I'm a glutton for punishment, it seems.

Unwittingly, I went ahead and installed it, with a little tweaking along the way. To deter spambots, I enabled reCAPTCHA for sign-up, helped her out with some theme customization, showed her how forum permissions worked. I setup the forum to require registrations before members could read anything (her request.) I then added and configured a handful of plugins here and there for things like board stats, image attachment management, and email notifications, and went on my merry way. Quick and dirty. No further maintenance required. Or so I thought.

This sh*t is old.

Old software (via ScottSimpson on Flickr)

Much to my surprise, aside from moving their not-so-active development to Github, not a whole lot has changed with phpBB since I last used it regularly in... oh, 2003 or so. Sure, there's a new major release, version 3... from 2007. And to my chagrin, many basic features we've come to expect from today's social platforms just aren't there. Others are available through sketchy, hard-to-install third-party mods, which in most cases are poorly maintained, if at all. Being used to the efficiency, elegance and ease-of-use of other well-maintained open source packages like WordPress, this was a rather disappointing discovery.

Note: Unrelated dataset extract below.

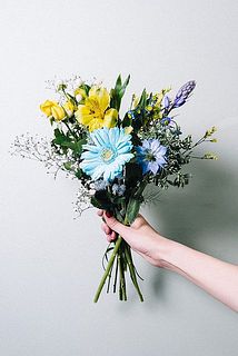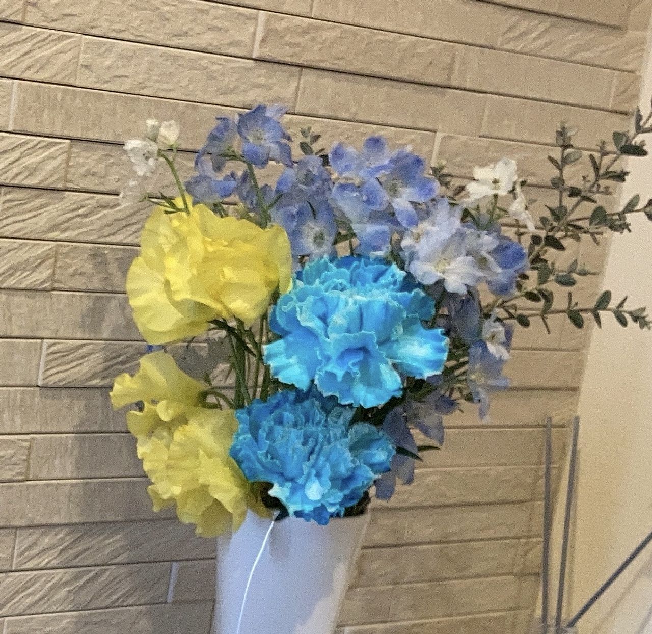 あざやかな空色とレモンイエローを組み合わせたブーケ🍋 アスチルベは「スカイブルー」、ハイブリッドスターチスは「キノレモン」という品種。

All-in-all, it's a dinosaur. But if it's good enough to do the job, so be it, right?

As most community managers discover, there are times when you can sit back and let the seed you've planted grow, basking in each new sign-up and the brisk activity of a shiny new toy. Enjoy them while you can. They don't last.

So a few days and then a week went by, several new members joined, and all was well. My wife was happy, her little forum chugging along and growing nicely, without any involvement on my part.

And then it happened. Spam. And lots of it.

Horses and donkeys and... oh my.

Or more precisely, a multitude of manually-created spammer accounts posting spam. And not even the usual viagra or cialis ads, designer knock-offs, or even weight-loss scams. Full on porn. Horses, donkeys, men, women, you name it. Apparently Russian beastiality porn is all the rage with spammers these days. Either way, it's not particularly pleasant to moderate, particularly when you're my wife, who's never operated a forum before in her life.

She took it in stride, deleting spam posts and banning offending users with gusto. We went as far as moderating all new registrations, effectively creating a whitelist-based site. Unfortunately, it wasn't enough.

You see, unlike blog post comment spam, which is (in most cases) relatively painless to deal with using easily configurable plugins and APIs like Akismet or TypePad AntiSpam, forum spam — particularly on older forum software and social networks — is a different creature altogether. Spammers infiltrating community sites and discussion groups are insidious, devious creatures. Getting past a plain old reCAPTCHA, let alone more complex anti-bot measures, is nothing when you have a team of human spammers working for pennies on your payroll. And unlike primarily automated, robot-driven blog spam, most of the spammers we see when managing online communities are real people, whose sole (paid!) purpose in life appears to be to inflict their products upon your unsuspecting audience.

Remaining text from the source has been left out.